FinEx, a London-headquartered exchange-traded fund issuer with significant operations in Russia, has unveiled the FinEx Cash Equivalents UCITS ETF (FXMM), the first US money market ETF on the Moscow Exchange.
The fund, which has also been listed on the Irish Stock Exchange, is linked to the Solactive 1-3 Month US T-Bill Index, a newly launched index developed and calculated by Solactive.
Based in Frankfurt, Solactive is one of the world’s fastest growing index providers in the ETF space, with more than 125 ETFs tied to its indices and approximately $20 billion in total linked assets.
The new index has been designed to track the performance of the US Treasury bills (T-bills) market. T-bills are highly liquid short-term debt obligations backed by the US government with a maturity of up to one year. They are purchased at a discount to their face value, with the holder of the T-bill receiving full face value at maturity. T-bills make up 13.2% of the $11.6 trillion in marketable debt outstanding.
To be eligible for inclusion in the index, T-bills must have a time to maturity of 1 to 3 months and an amount outstanding of at least $250 million.
Astrid Ludwig, Head of the Bond & Complex Team at Solactive, said: “The Solactive 1-3 month US T-Bill Index is a great tool to follow the US government bond market in a context of expected rising interest rates as announced by the Fed recently.

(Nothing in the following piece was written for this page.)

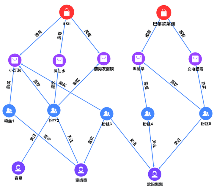 传统方法选择KOL,极端考验品牌方的眼力,依赖跟品牌调性一致的主观判断和容易注水的粉丝数据,非常难预计KOL的真实带货能力,品效无法合一。而依靠图技术,品牌方可以依据自己产品的用户圈层,倒推找到他们最信任的KOL。如图2所示,SK-II旗下护肤产品有小灯泡、神仙水、前男友面膜等,这些产品拥有各自的消费人群和粉丝群体,这些真实用户/粉丝人群共同关注的KOL,才是对品牌受众最具影响力的意见领袖。图技术在该场景的价值便在于——通过找到粉丝群体高度覆盖品牌真实受众的KOL,实现KOL社交营销的精准触达。

We are delighted that this index is being used by the first money market ETF in Russia.”
The ETF features an innovative RUB/USD currency hedge embedded via forward contracts. As of 14th May 2014, the Solactive 1-3 month US T-Bill index had 9 components for a performance of 0.34% (unhedged USD) and 26.08% (hedged version), based on back tested historical data since 31st December 2009.
Martin Bednall, Managing Director of ETFs at FinEx Capital Management, added: “The launch of the FinEx Cash Equivalents UCITS ETF provides the perfect solution to the needs of many Russian investors. Backed by AAA assets, a ruble investor can access high returns with maximum liquidity. This product really does open up the capital markets to all Russian investors looking for a safe place to hold their cash. For non-ruble investors this product is the first European ETF to offer a pure play on the Russian ruble”.
The ETF is physically replicated and has a total expense ratio (TER) of 0.49%.